It's always nice when economists draw attention to their own errors, so consider our hat doffed to the folks at the Office for Budget Responsibility who have highlighted their persistent failure to foresee the UK's productivity crisis.
The OBR, an independent body tasked with keeping an eye on the government's fiscal performance, paints a bleak picture of the last six to seven years. Despite decent GDP growth and impressively low levels of unemployment, British productivity – the output we produce for every hour worked – has barely improved at all since 2011.
Time after time the OBR has predicted an imminent and significant improvement in UK productivity, only to be proven depressingly wrong by the official data.
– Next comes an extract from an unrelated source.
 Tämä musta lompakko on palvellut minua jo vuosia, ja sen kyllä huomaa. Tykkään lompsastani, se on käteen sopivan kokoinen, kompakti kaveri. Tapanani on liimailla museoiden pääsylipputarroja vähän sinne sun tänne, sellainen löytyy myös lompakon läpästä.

The OBR is hardly the only group to have got this wrong, and its explanations are reasonable. In the years following the financial crisis, with unemployment still low, it was fair to assume companies were keeping hold of staff with the intention of giving them more work to do once business picked up. Equally, many of us expected low unemployment to lift wages and force companies to demand more from their staff. It seems neither outcome has materialised.
Theories behind the UK's productivity crisis (it is a crisis because, without better productivity, it's difficult to see Britons becoming any better off) are numerous, but the OBR has now thrown its weight behind one suspicion that has lingered for some time – namely, that the "abnormally low level of interest rates could be... allowing weak and highly indebted firms to survive for longer than they normally would."
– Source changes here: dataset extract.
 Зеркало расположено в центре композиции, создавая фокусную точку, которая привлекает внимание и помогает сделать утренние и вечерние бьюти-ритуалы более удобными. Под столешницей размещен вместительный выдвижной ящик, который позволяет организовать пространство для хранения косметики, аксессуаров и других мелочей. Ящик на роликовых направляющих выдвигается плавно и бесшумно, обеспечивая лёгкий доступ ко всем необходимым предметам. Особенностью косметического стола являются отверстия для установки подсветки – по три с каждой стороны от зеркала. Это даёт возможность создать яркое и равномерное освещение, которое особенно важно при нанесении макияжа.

The statement adds more pressure on the Bank of England to raise rates beyond their ultra-emergency levels of 0.25 per cent at the upcoming "Super Thursday" three weeks from now.
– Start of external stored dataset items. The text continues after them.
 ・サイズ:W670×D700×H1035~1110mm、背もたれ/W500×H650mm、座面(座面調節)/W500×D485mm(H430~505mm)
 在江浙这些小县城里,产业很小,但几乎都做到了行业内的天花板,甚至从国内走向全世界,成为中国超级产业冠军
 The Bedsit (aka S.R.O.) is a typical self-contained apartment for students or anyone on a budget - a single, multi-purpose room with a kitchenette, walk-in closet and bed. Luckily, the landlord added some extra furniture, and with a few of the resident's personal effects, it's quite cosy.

It comes on the back of an admission by the Office for National Statistics earlier this week that it had underestimated the pace of climbing labour costs, which was also likely to have raised eyebrows on Threadneedle Street.
The Bank's job remains unenviable: it must foresee inflationary pressures ahead of time while being careful not to rock the UK's still precarious economic recovery. However, yesterday's OBR statement is just one of many reminders of the potential unintended consequences stemming from a decade of historically-low rates.
Britain's economic outlook may be murky but in the absence of a clear "emergency", our monetary position should not be anchored at such an exceptionally low rate.